Data segment Block Start

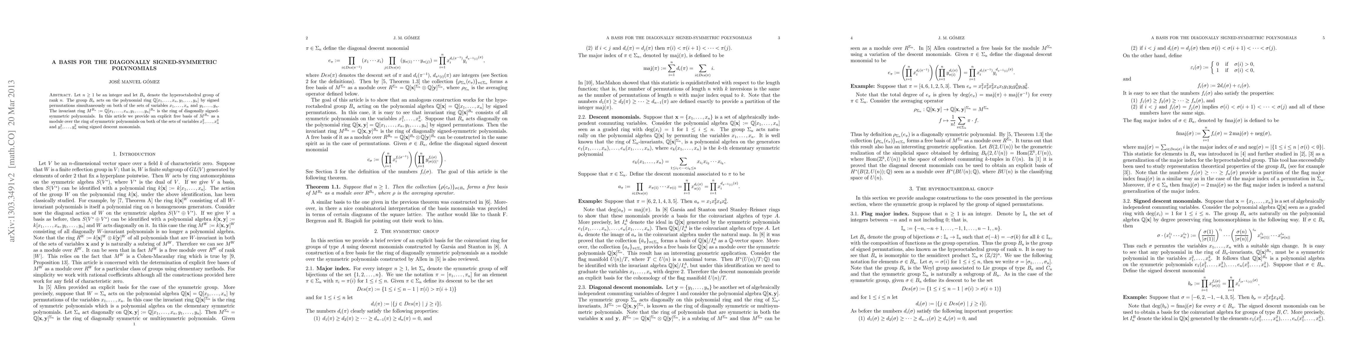 Let n>0 be an integer and let B_{n} denote the hyperoctahedral group of rank n. The group B_{n} acts on the polynomial ring Q[x_{1},...,x_{n},y_{1},...,y_{n}] by signed permutations simultaneously on both of the sets of variables x_{1},...,x_{n} and y_{1},...,y_{n}. The invariant ring M^{B_{n}}:=Q[x_{1},...,x_{n},y_{1},...,y_{n}]^{B_{n}} is the ring of diagonally signed-symmetric polynomials. In this article we provide an explicit free basis of M^{B_{n}} as a module over the ring of symmetric polynomials on both of the sets of variables x_{1}^{2},..., x^{2}_{n} and y_{1}^{2},..., y^{2}_{n} using signed descent monomials.
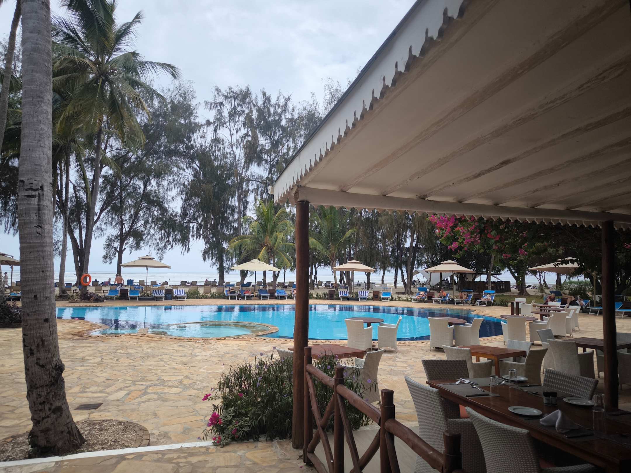 Blick vom Restaurant auf den Pool
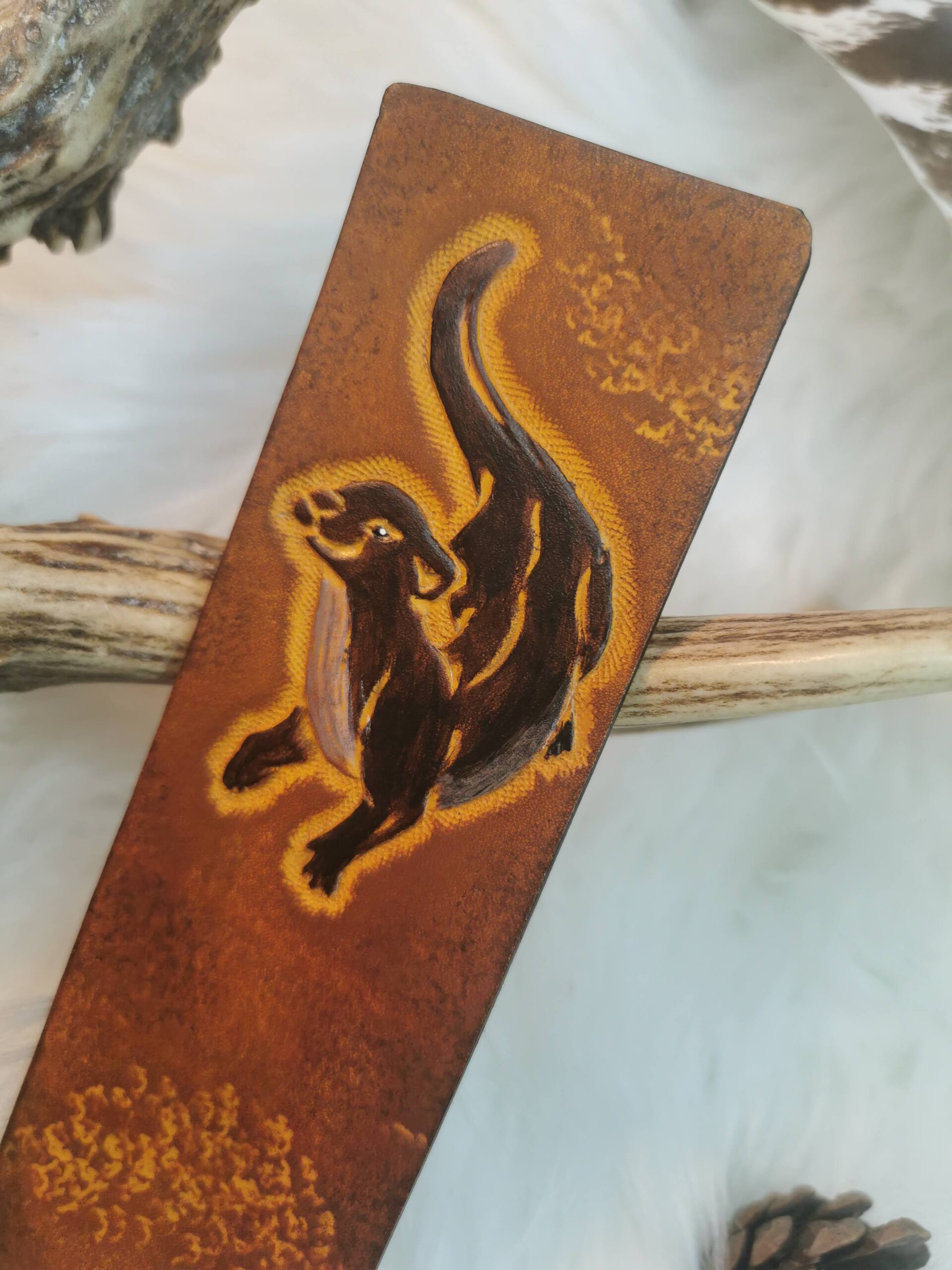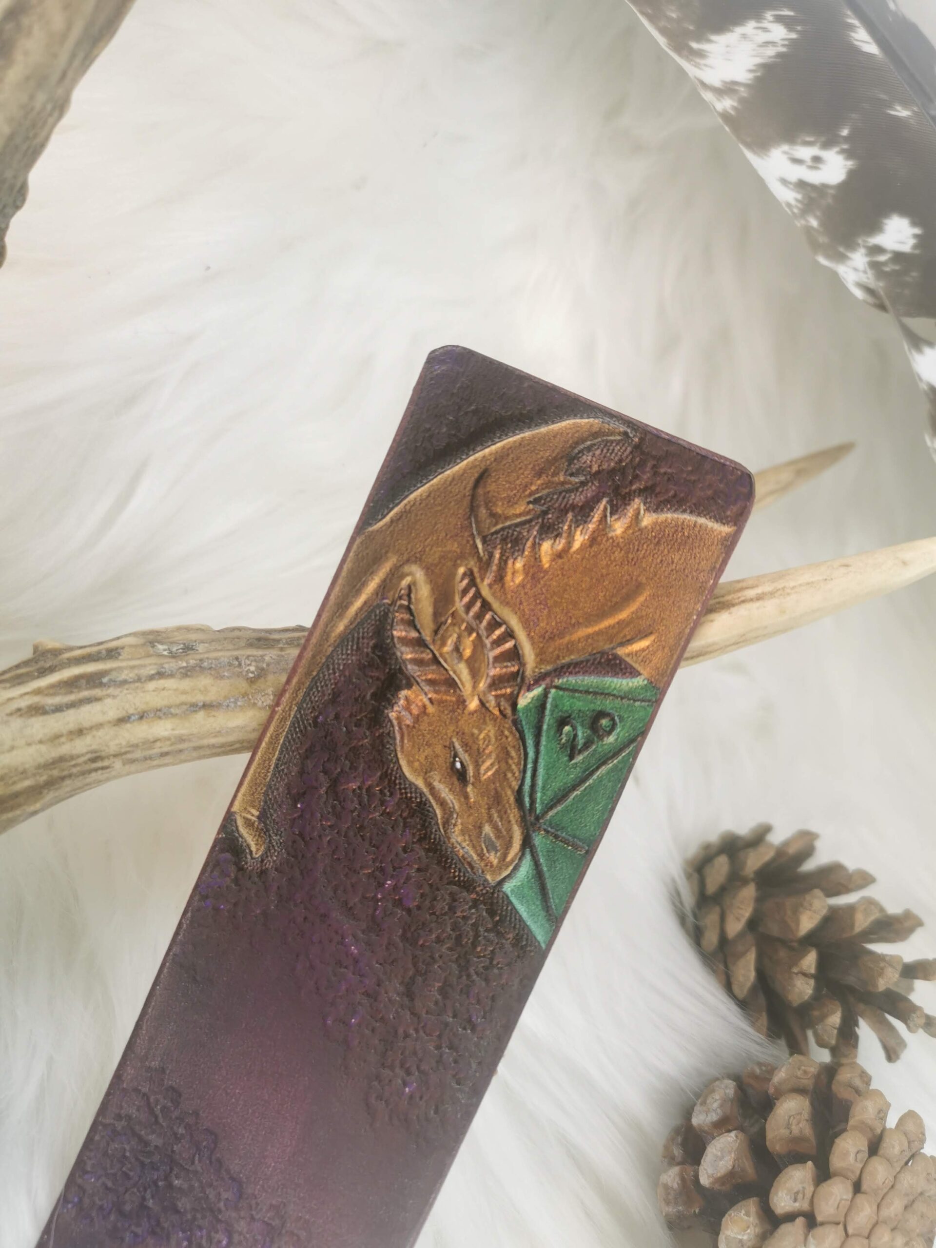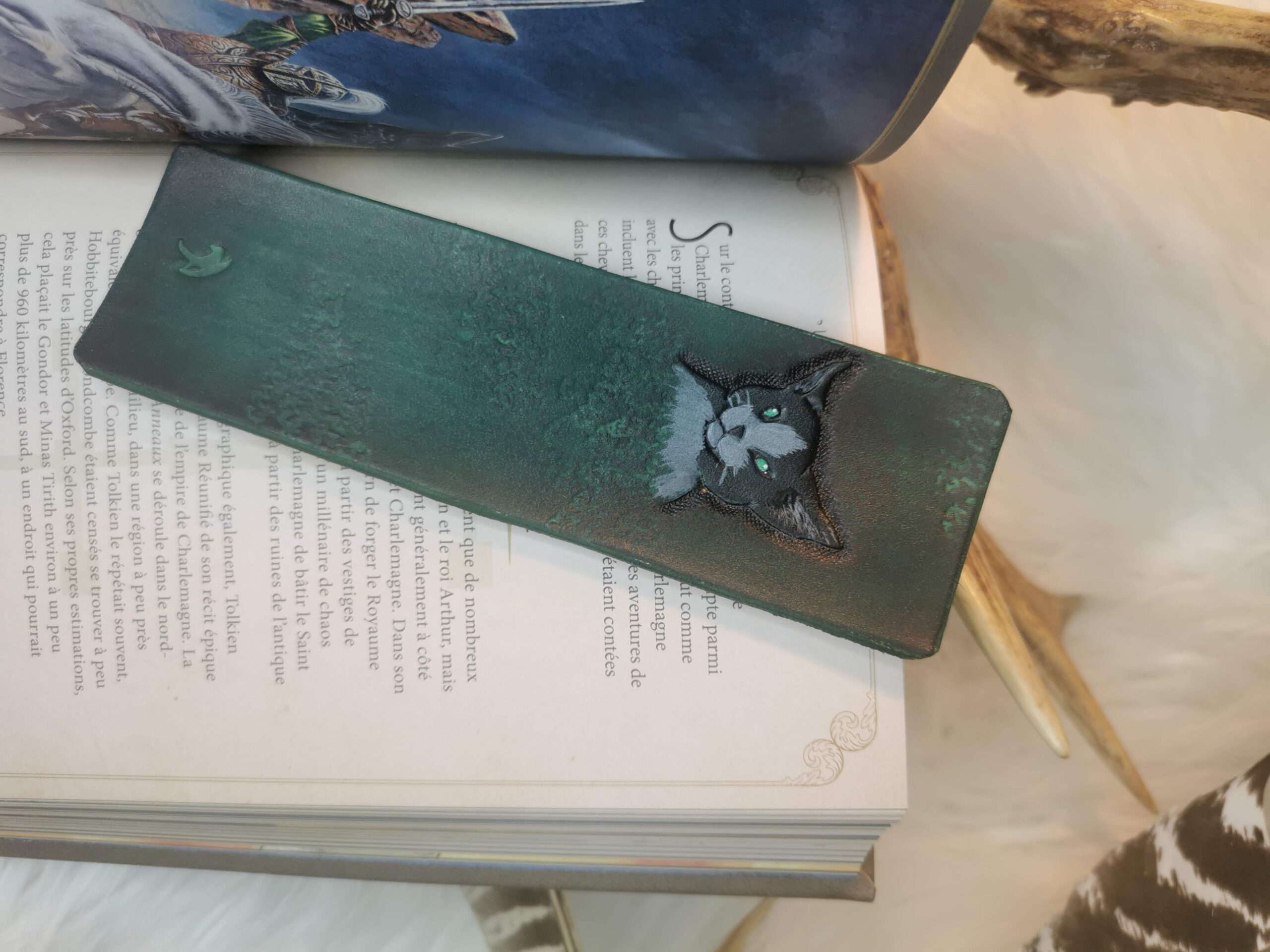 Marque-page en cuir de bovin à tannage végétal repoussé et teint à la main.

Data segment Block End

Exercise objective -
Pictures are to be omitted from the copy, and only the lines from the one containing "Blick vom Restaurant auf den Pool" through the final line of the listing above are to be written out exactly.

Solution for this problem -
 Blick vom Restaurant auf den Pool
 Marque-page en cuir de bovin à tannage végétal repoussé et teint à la main.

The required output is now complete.